I did have an issue with the Acetime version. It states version 1.9.0 but it's missing a function unixSeconds64, i updated tot the latest 1.x branch.

rvdbreemen commented 1 year ago

Glad to hear that a new build does work. It’s the same conclusion we are reaching on the firmware chat on discord.

What was the issue you ran into, so I can correct it. Also AceTime needs the latest and Brian is very actively improving his lib too.

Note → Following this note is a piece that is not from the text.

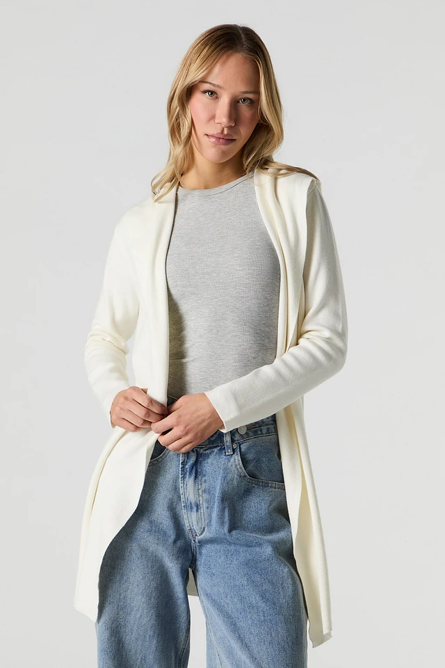 Flowy Draped-Front Textured Jacquard Print Cardigan with Long Sleeves by Perle
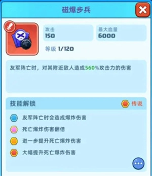 磁暴步兵:当友军单位阵亡时,会对该友军附近的敌人造成相当于自身攻击力560%的伤害

JvHummel commented 1 year ago

Can confirm that doing a build myself and flashing that, remedies the bootloops.

rvdbreemen commented 1 year ago

@JvHummel thanks for confirming that. I just build a new release 0.10.1... would you be so kind to test this, it's in the beta channel on discord.

JvHummel commented 1 year ago

Good evening Robert, was just messing with a DS18B20 so had my OTGW out anyway. Good timing. Flashed 0.10.1-beta+7b22d7d and connected it to boiler/thermostat. No bootloops!